Overview of Implementation
To modify the whole-genome scale metabolic models of E. coli and C. hutchinsonii, we used the Constraints Based Reconstruction and Analysis (COBRA) toolbox in MATLAB (Schellenberger et al 2011). We obtained the iJO1366 model of E. coli online (Orth et al. 2011), and modified it by adding the genes/reactions for biodiesel production, changing the exchange reaction bounds to reflect our culture conditions, knocking out genes to optimize biodiesel production, and adding genes/reactions to account for our synthetic communication network. Where possible, we used reported values of uptake and inhibition kinetic parameters, but we also had to create new parameters to match other existing data or known behavior.

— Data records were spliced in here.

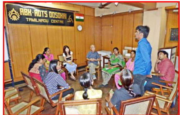
Speech Club activity on 4 th October 2017 in progress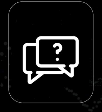
QUESTIONS & ANSWERS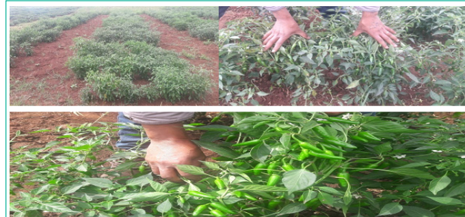
Figure 3: The performance of Chilli pepper exp't at Kiltu sorsa on-farm.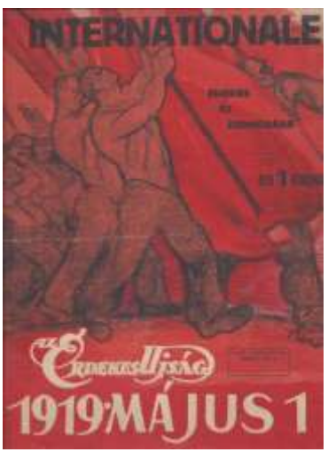
Internationale. (Budapest, 1919), music score, cover by Mihály Biró, a painter and graphic artist responsible for much of the visual culture of the Tanácsköztársaság.

This past semester, Cornell added a fifth installment to its archive of the Hungarian Soviet Republic which lasted from March 21 to April 6 of 1919, when it was crushed by a coalition of the Romanian army and Hungarian Rightists. Many of the publications of this period were subsequently destroyed by the victors, lending considerable rarity to the original photographs, drawings and publications found in this growing collection. In addition to some thirteen monographs, pamphlets and musical scores, the collection acquired original photos of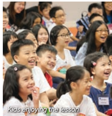
Kids enjoying the lesson

On Saturday and Sunday, the kids were challenged to trust God through the leading of the Holy Spirit to be active witnesses for Christ. They were all given an opportunity to participate in Faith Promise from January to June 2019. Their giving will help them to grow in faith and proclaim the Gospel of Christ to the lost.

Getting a valid whole-genome scale model for C. hutchinsonii was much more challenging because it is relatively poorly characterized. We investigated several whole genome-scale models for C. hutchinsonii and found that many contained gaps, repeated metabolites, or inaccurate exchange reaction bounds. We decided to use the modelSEED whole-genome scale model (Henry et al 2010) because, although it is less detailed, it contains no repeated metabolites. We modified it by fixing exchange reaction bounds, adding hypothesized reactions for lignocellulose degradation, and adding genes/reactions to account for our synthetic communication network. Since there are no reported kinetic parameters for C. hutchinsonii, we created parameters to match existing data and known behavior.

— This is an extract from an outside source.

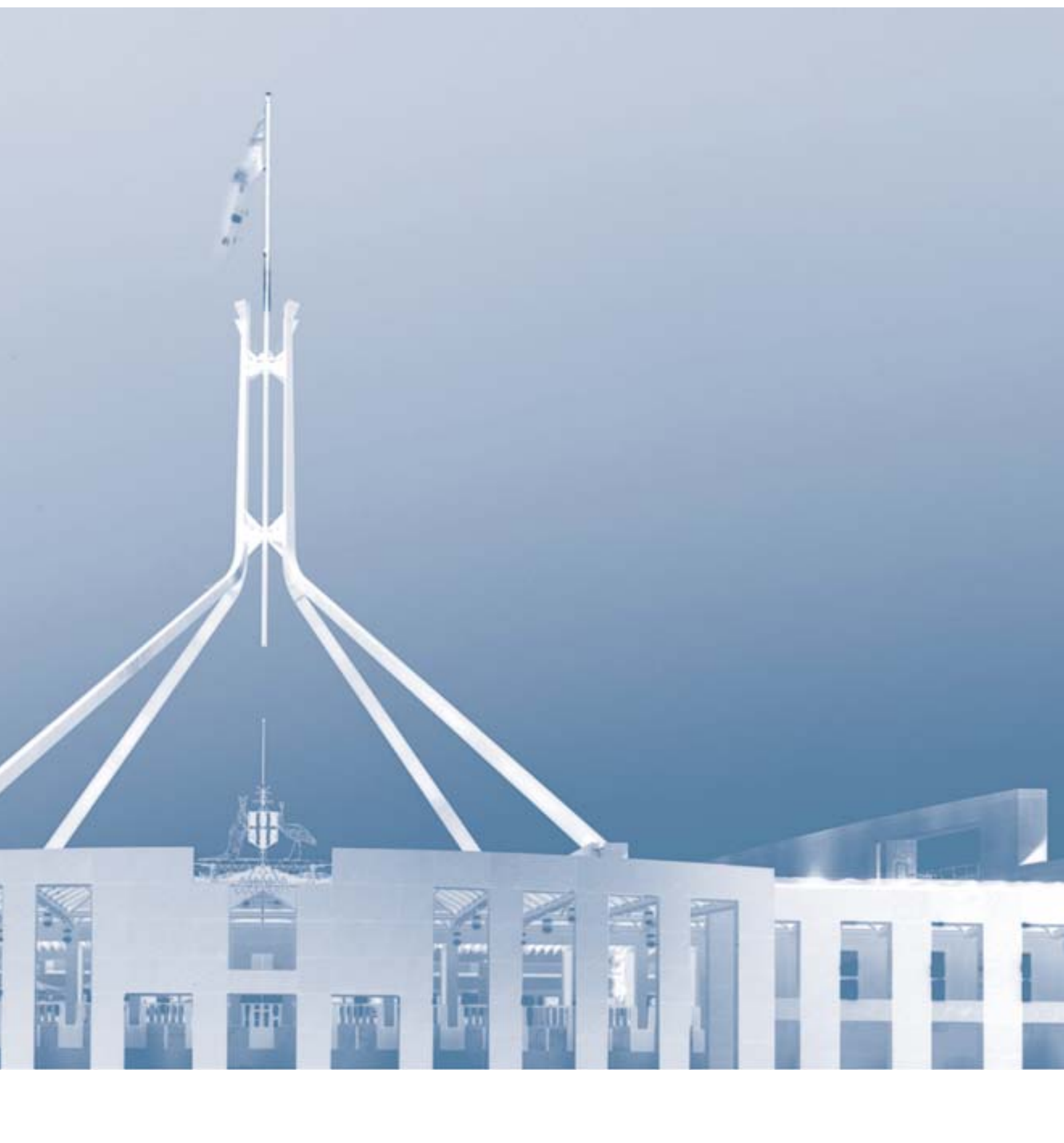
Parliamentary Budget Office work plan 2015–16

To simulate monocultures and co-cultures using dFBA, we use a MATLAB-based package called DFBAlab, that was developed by the Process Systems Engineering Laboratory at MIT (Gomez et al 2014), with the linear programming solver Gurobi (gurobi 2015). DFBAlab performs fast and reliable simulation of complex dynamic multispecies cultures using techniques (differential-algebraic equation (DAE) system and lexicographic optimization) that ensure feasibility and unique exchange fluxes.